Many think that the US economy cannot afford another shutdown. Another shutdown would force the government and federal reserve to use all their tools available to backstop the US economy. The healthcare system already weakened would come close to destruction if a second wave occurred. With all this going on, protesters line the streets with a simple message that black lives matter.

Often taken out of context, black lives matters’ message is simple, “Our lives matter too.” Equality in mind, action, and opportunity is the new requirement.


So how can someone prepare for further volatility?

For me, the sidelines isn’t an option, so I have to be prepared by completing my due diligence. Luckily, I’ve been learning how to conduct proper fundamental analysis. I have to admit learning fundamental analysis requires a different skill set than technical analysis.

Fundamental analysis requires foresight and critically thinking about market valuation. This type of analysis is more conducive to investing or swing trading.

Technical analysis requires pattern recognition and the ability to make quick decisions. Waiting can sink the ship when trading. You have to be a decision-maker in the trading arena without regard to your previous position.

Some are reading this and probably thinking that both strategies can be used interchangeably when trading or investing. In investing, fundamental analysis plays more of a dominant role. In trading, your ability to recognize patterns and market sentiment from period to period is crucial to your success.

I like to use fundamental and technical analysis together. Together they give me a sense of how the company would be valued in a fair value environment. Some don’t have the patience to perform an in-depth analysis of a company and its market. Others find trading using technical analysis more exciting and profitable.
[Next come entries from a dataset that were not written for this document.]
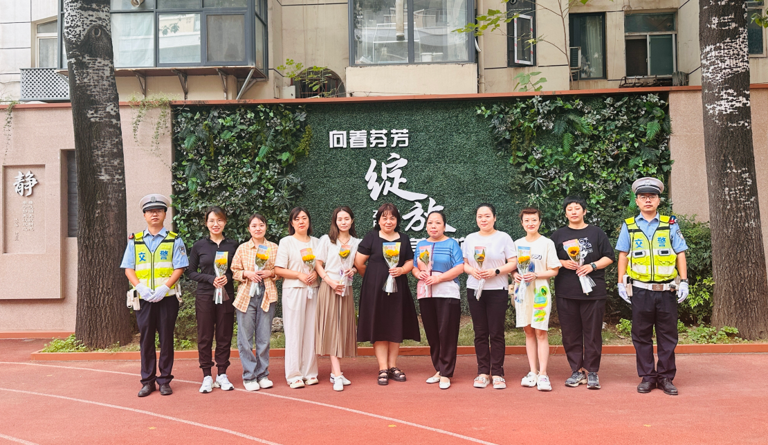正值第四十個(ge) 教師節,活動最後,交警十三支隊的交警同誌還向辛勤工作的老師們(men) 贈送了鮮花,表達了節日的祝福。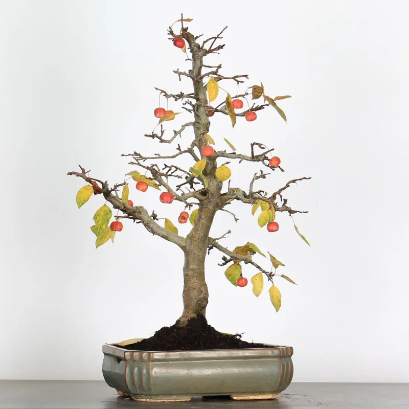 Le bonsai pommier, "Malus Evereste" est très populaire grâce à ses petits fruits décoratifs, simple à cultiver, il pousse rapidement, sa floraison et ses petits fruits sont un véritable délice du printemps jusqu’à l’hiver.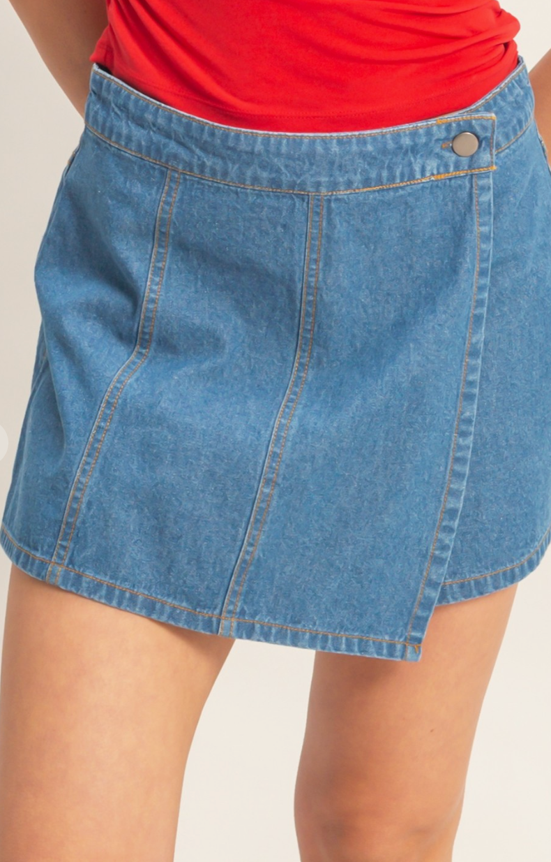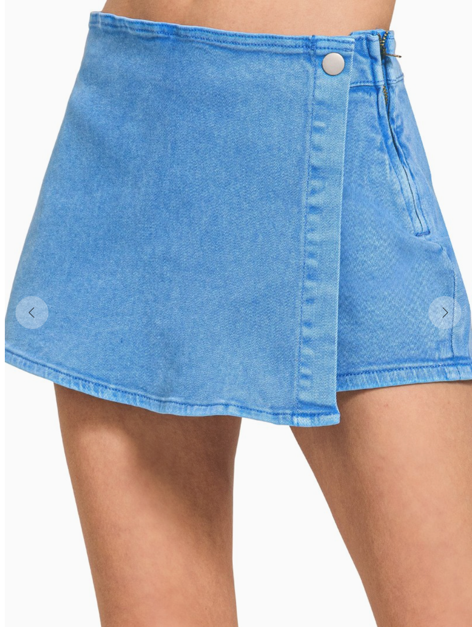 Our Zip Up Denim Wrap Skort is a chic and edgy addition to your wardrobe....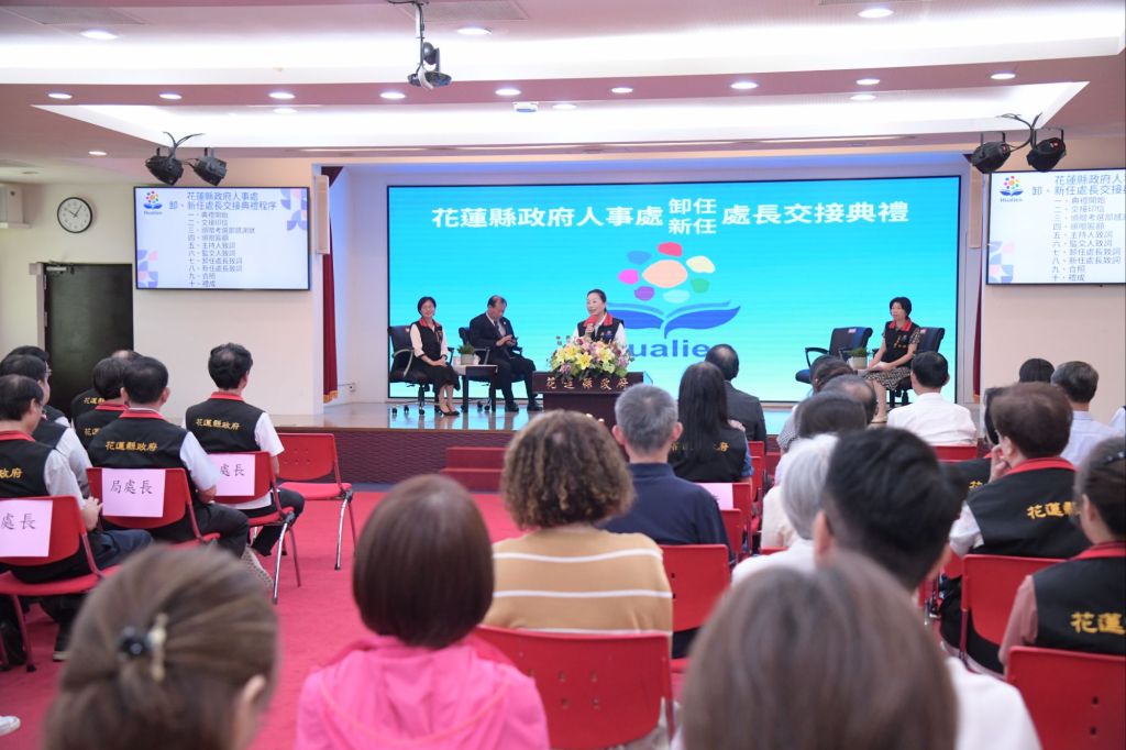 花蓮縣政府今(12)日舉行人事處卸、新任處長交接典禮,由縣長徐榛蔚親自主持,行政院人事行政總處人事長蘇俊榮監交。原人事處處長曾淑芬榮調行政院人事行政總處人事室主任,由副處長吳賢惠接任。徐榛蔚縣長肯定曾淑芬處長任職期間貢獻良多,也期勉新任吳賢惠處長在現有良好基礎上,持續精進人事業務,並為縣府團隊培育人才,達成人才永續目標。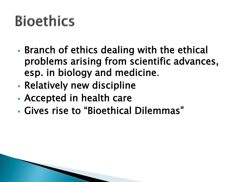 Bioethics • Branch of ethics dealing with the ethical problems arising from scientific advances, esp. in biology and medicine. • Relatively new discipline • Accepted in health care • Gives rise to “Bioethical Dilemmas”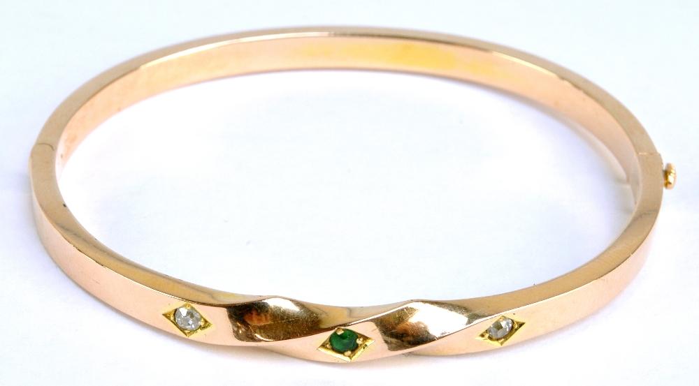 Lot 1661 of 2078: A 15ct yellow gold hollow snap bangle set with round cut emerald and two diamonds to twist decorated central section, aperture 5.9 x 5cm, approx 11.3g (safety chain missing).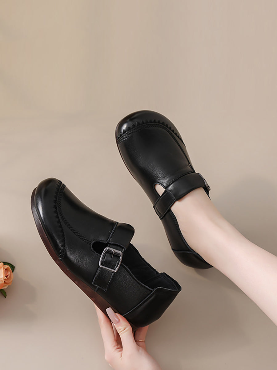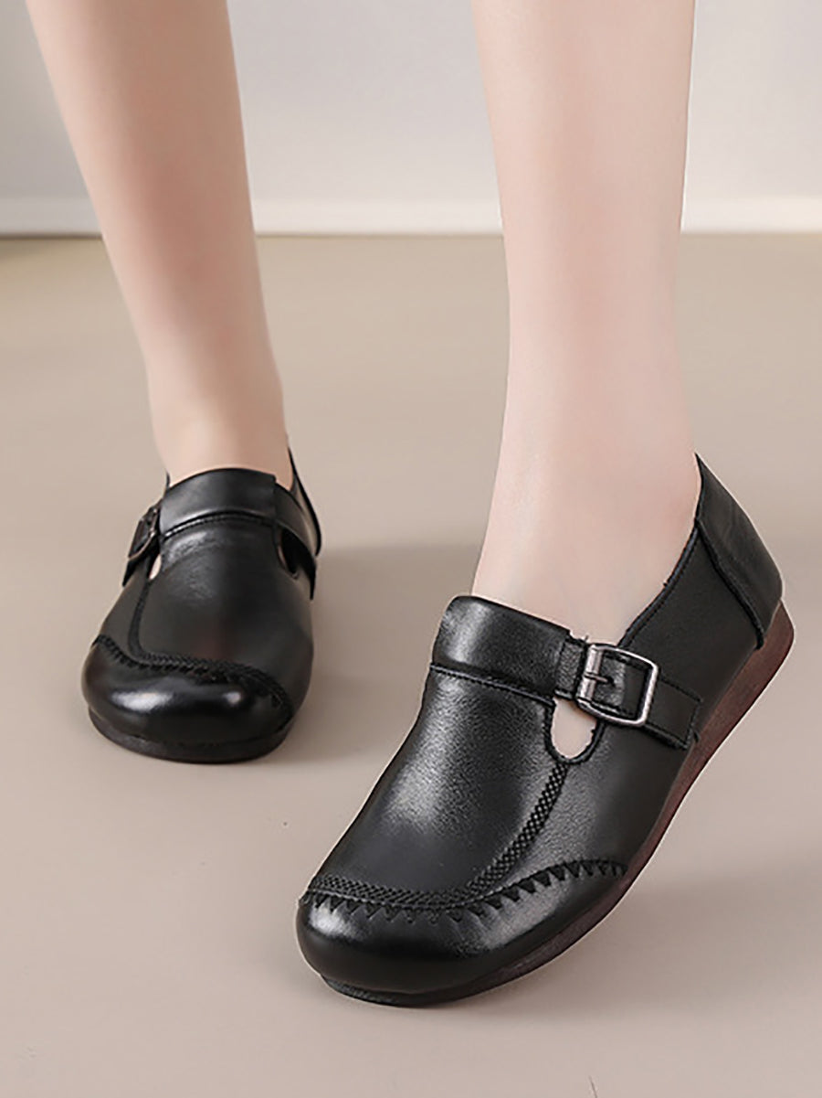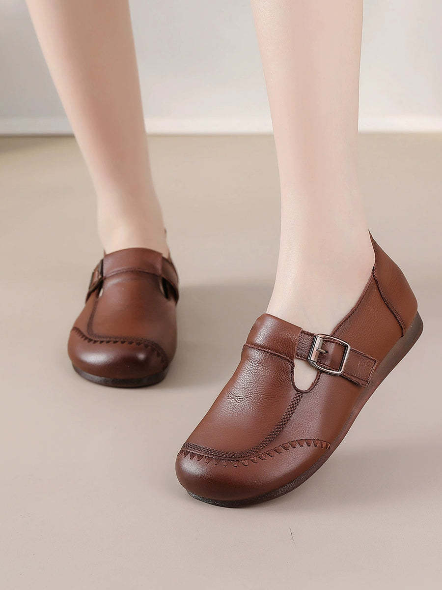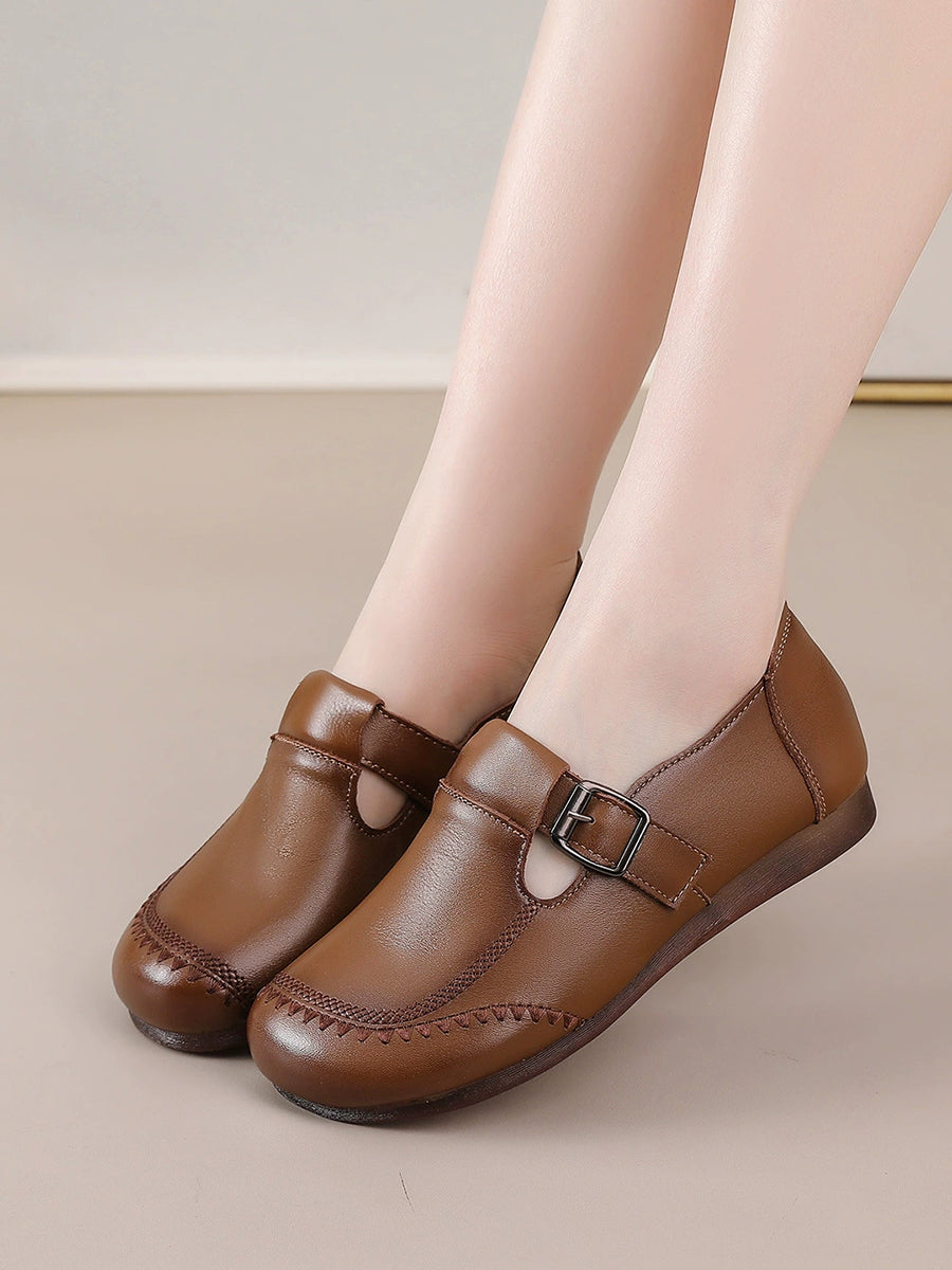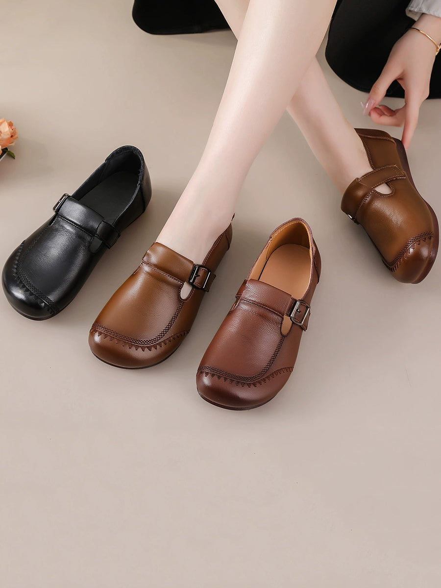 Zapatos planos casuales de piel auténtica de color puro para mujer

The great thing about becoming successful in the markets is that no strategy will work better than the one that works for you. Talk to one-hundred traders and investors, and you’ll most likely hear a hundred different ways to make money.

A new challenge for me is preparing for each trade and three different scenarios. Tonight will mark the first night where I will plan my trade for tomorrow. My goal is to develop a system for each trading day, assuming I have to work the following day.

I will develop three scenarios for each trading day, an entry and exit point, and the risk I am willing to bear. I will add each day of preparation to the trading journal on this site. This journal will include the profit/loss of each trade to keep me accountable.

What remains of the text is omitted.